Aim of the exercise.
Take the lines below beginning at the line that has "Комплект металлопленочных резисторов" and stopping after the line that has "GG Schweiz Einschreiben", and print them exactly as they are, with no other lines.
======== Exercise material
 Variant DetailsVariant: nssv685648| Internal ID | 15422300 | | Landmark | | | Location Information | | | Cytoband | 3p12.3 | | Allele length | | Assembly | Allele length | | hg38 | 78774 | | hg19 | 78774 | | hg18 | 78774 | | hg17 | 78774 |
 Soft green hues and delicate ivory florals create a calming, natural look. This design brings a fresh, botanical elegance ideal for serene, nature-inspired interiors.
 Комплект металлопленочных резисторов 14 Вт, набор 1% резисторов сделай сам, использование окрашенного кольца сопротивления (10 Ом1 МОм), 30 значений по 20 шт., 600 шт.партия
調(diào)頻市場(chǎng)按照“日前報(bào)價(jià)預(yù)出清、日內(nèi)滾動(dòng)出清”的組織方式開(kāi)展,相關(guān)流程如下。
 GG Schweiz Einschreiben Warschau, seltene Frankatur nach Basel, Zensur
================
======== Exercise material
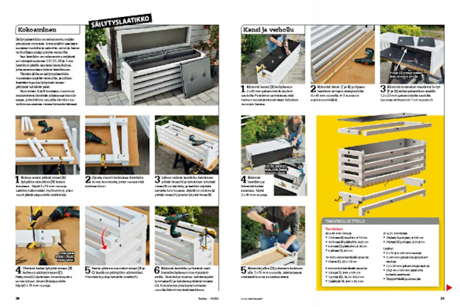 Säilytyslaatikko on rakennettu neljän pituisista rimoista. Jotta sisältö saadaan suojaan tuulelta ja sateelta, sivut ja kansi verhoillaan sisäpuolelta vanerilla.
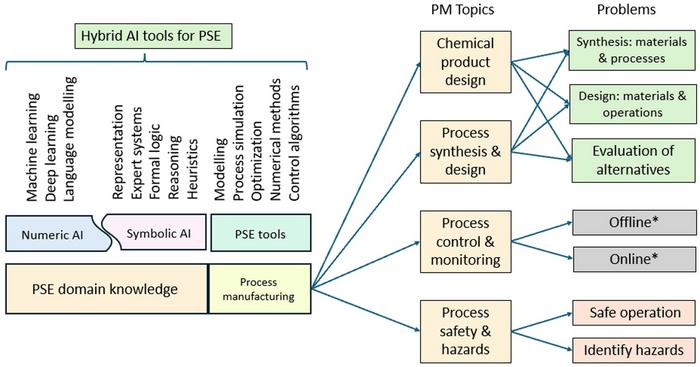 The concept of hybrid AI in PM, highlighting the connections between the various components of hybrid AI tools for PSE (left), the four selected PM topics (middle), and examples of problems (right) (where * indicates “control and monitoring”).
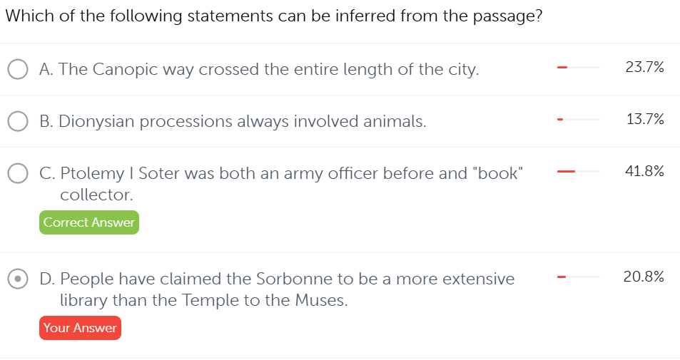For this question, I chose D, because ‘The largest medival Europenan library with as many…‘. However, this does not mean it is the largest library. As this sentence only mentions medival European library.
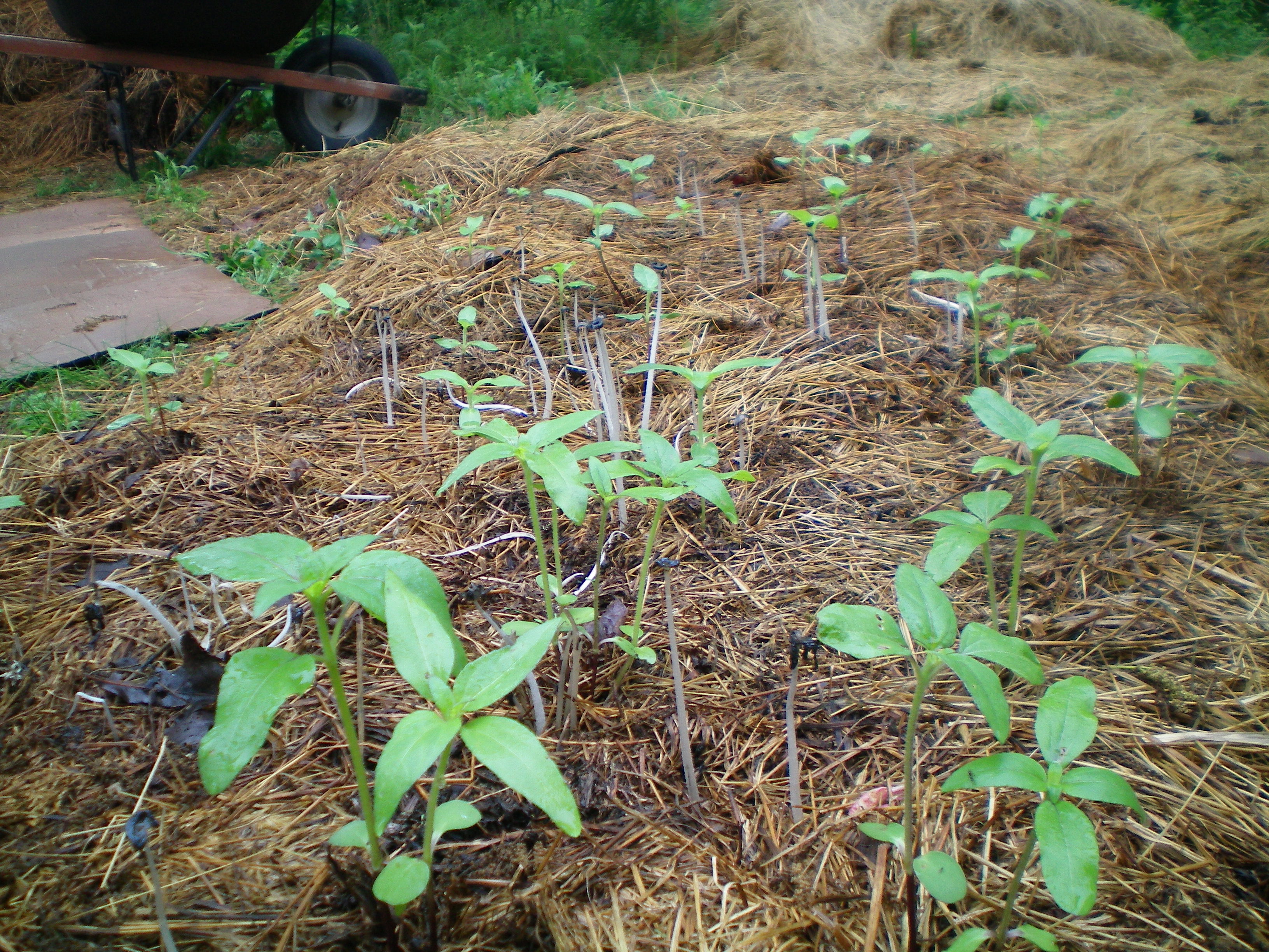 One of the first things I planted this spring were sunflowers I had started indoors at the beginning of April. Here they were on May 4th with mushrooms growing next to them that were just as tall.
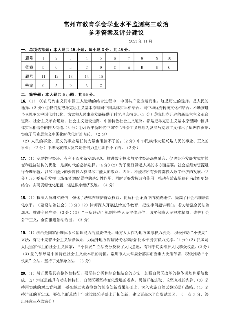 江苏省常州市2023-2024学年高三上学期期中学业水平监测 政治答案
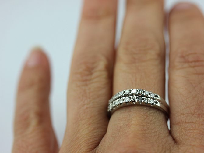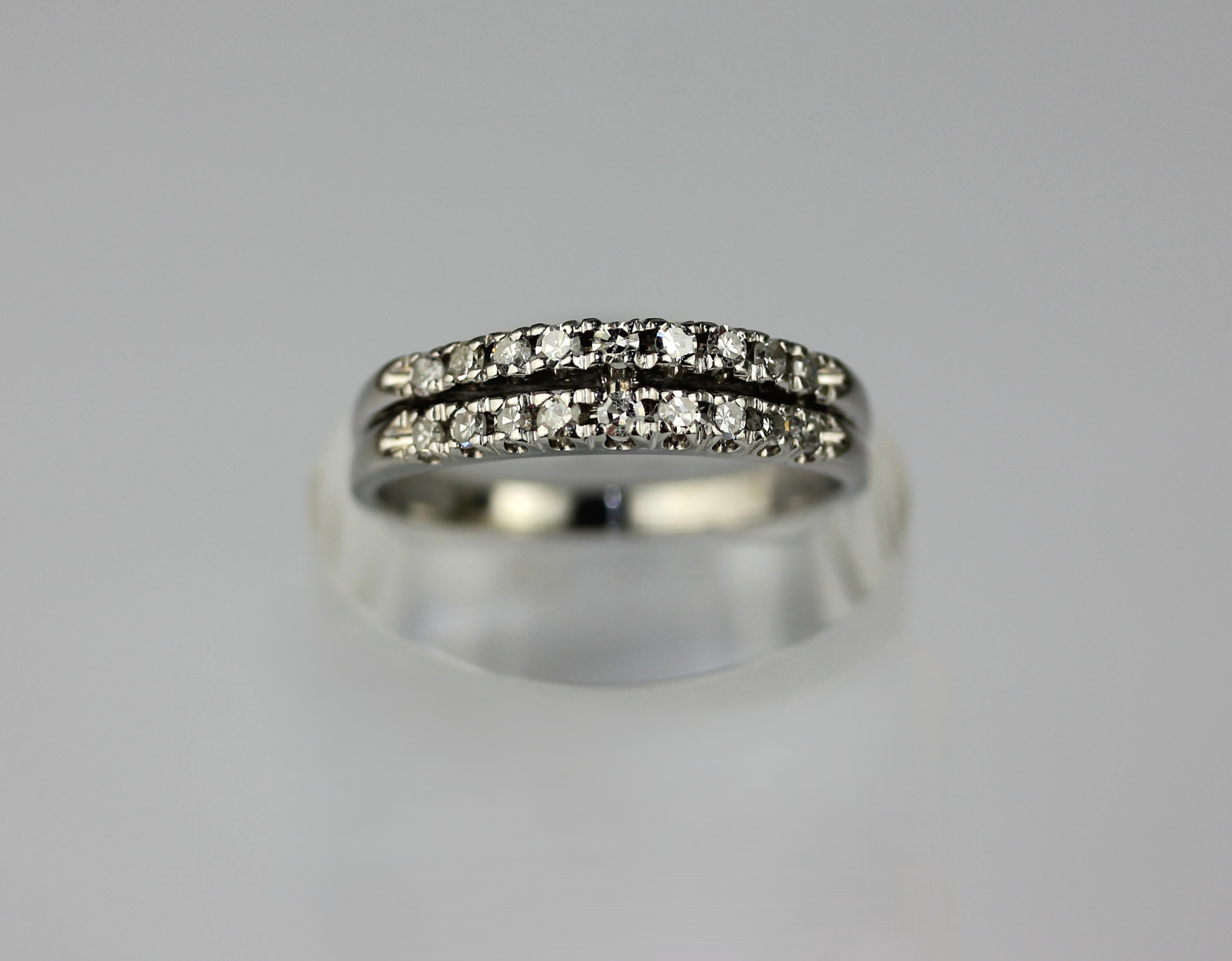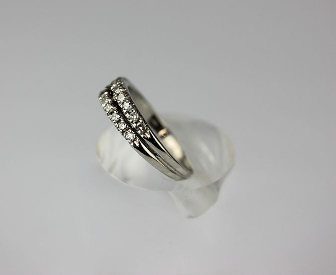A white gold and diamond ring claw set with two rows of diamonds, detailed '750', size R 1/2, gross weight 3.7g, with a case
================
======== Exercise material
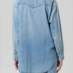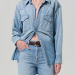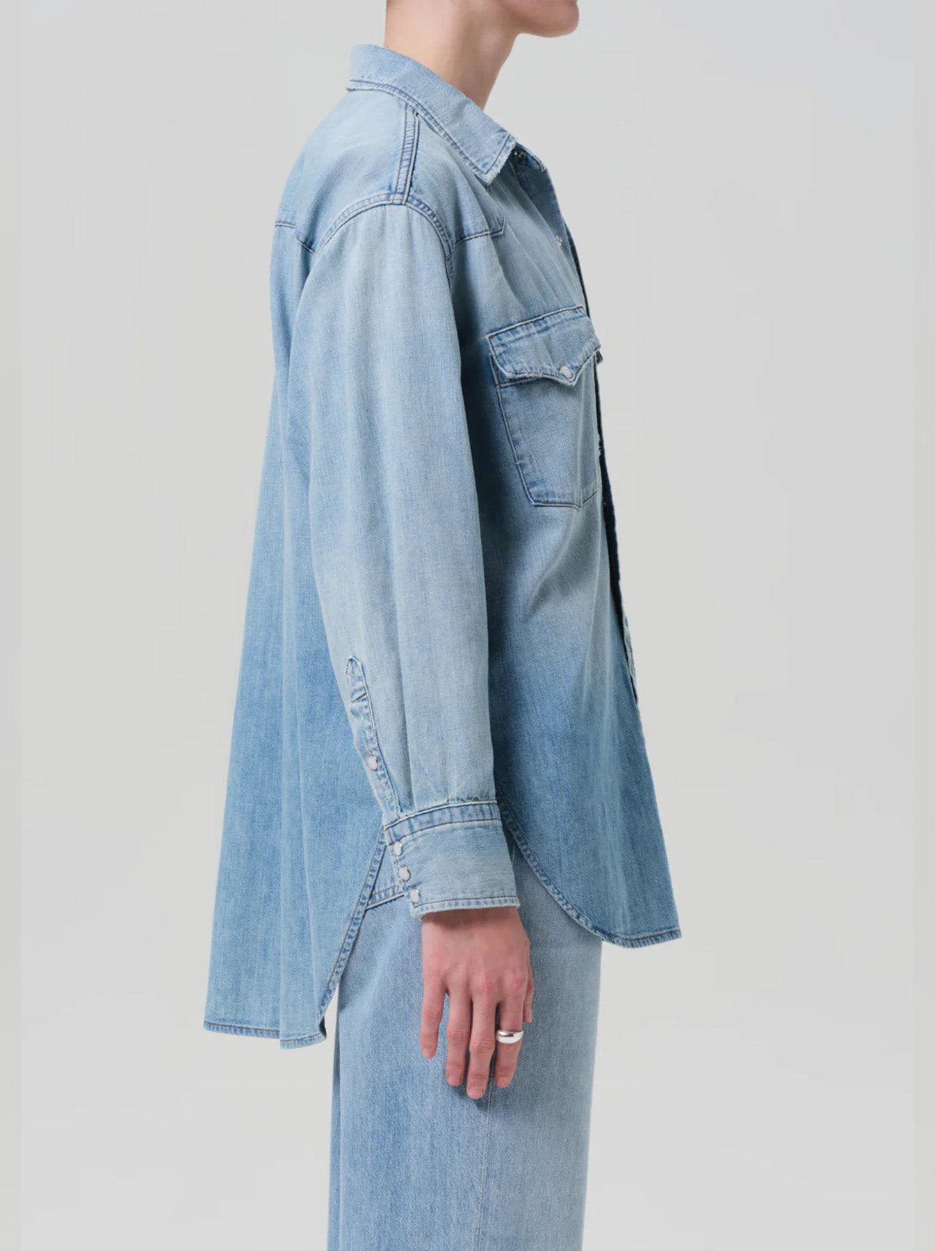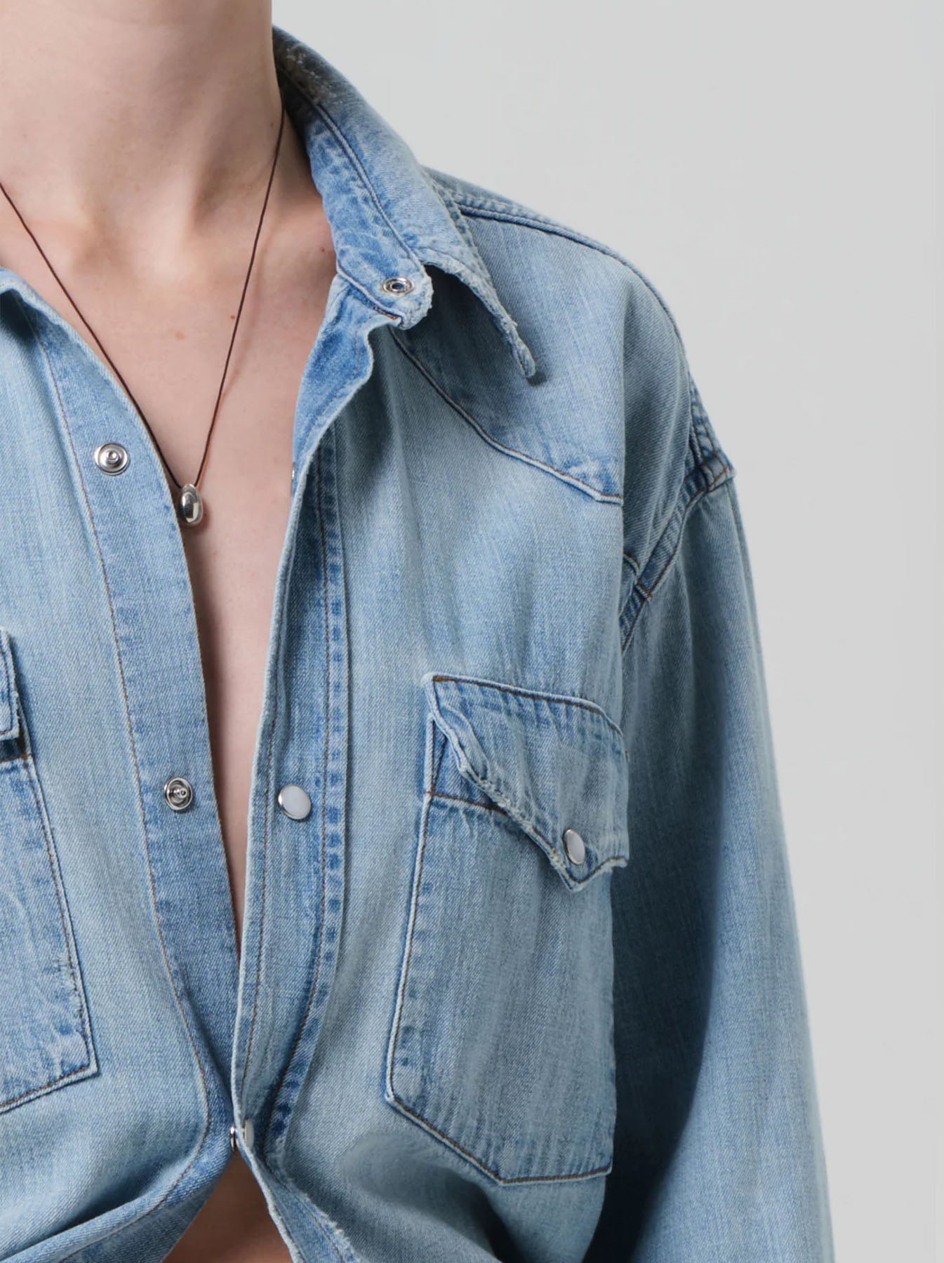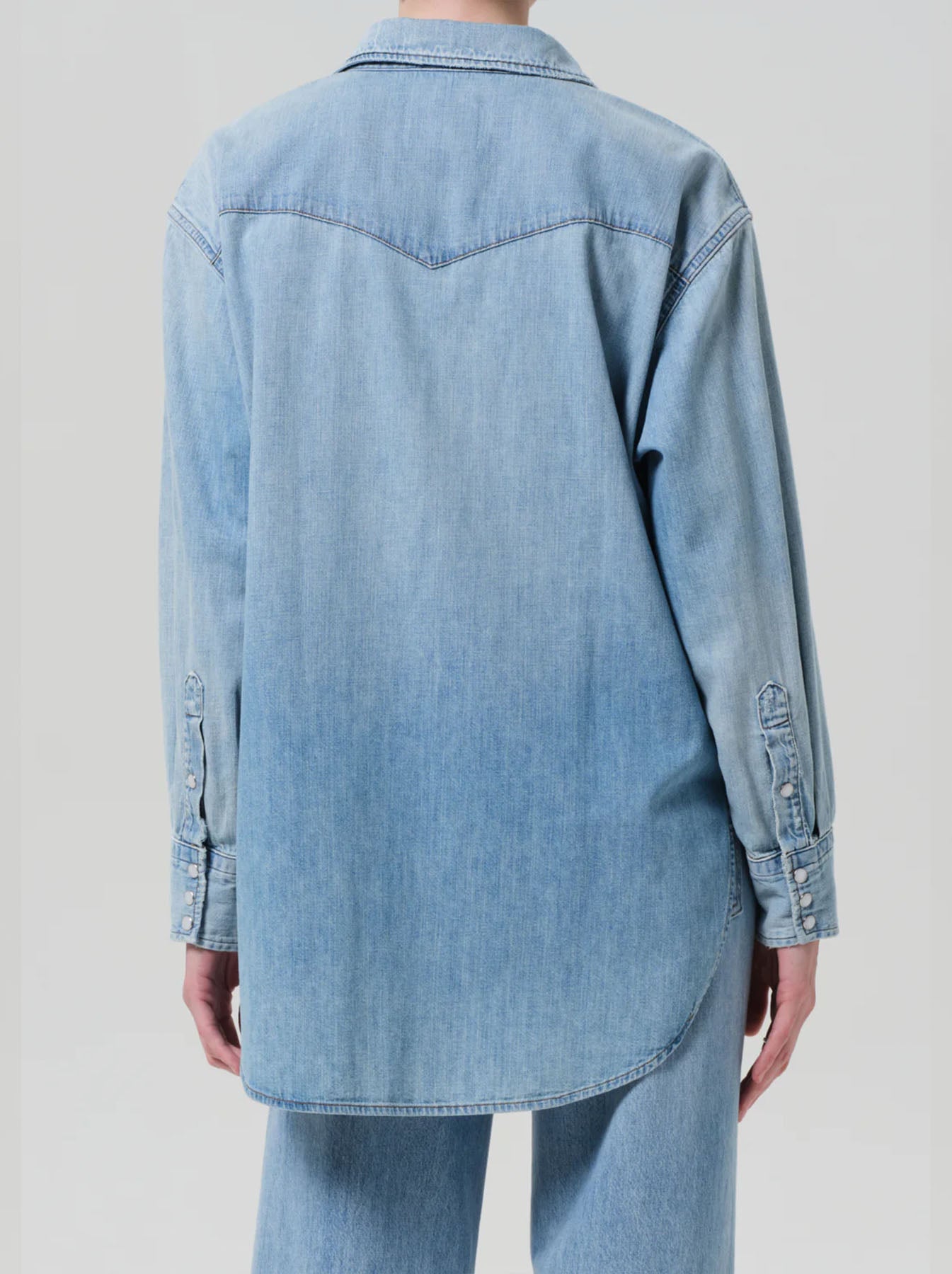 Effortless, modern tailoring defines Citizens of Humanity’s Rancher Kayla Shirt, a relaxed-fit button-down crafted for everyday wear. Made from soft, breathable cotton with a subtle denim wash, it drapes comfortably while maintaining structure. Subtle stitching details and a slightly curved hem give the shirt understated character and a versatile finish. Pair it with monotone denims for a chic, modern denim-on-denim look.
================
Completed task.
 Комплект металлопленочных резисторов 14 Вт, набор 1% резисторов сделай сам, использование окрашенного кольца сопротивления (10 Ом1 МОм), 30 значений по 20 шт., 600 шт.партия
調(diào)頻市場(chǎng)按照“日前報(bào)價(jià)預(yù)出清、日內(nèi)滾動(dòng)出清”的組織方式開(kāi)展,相關(guān)流程如下。
 GG Schweiz Einschreiben Warschau, seltene Frankatur nach Basel, Zensur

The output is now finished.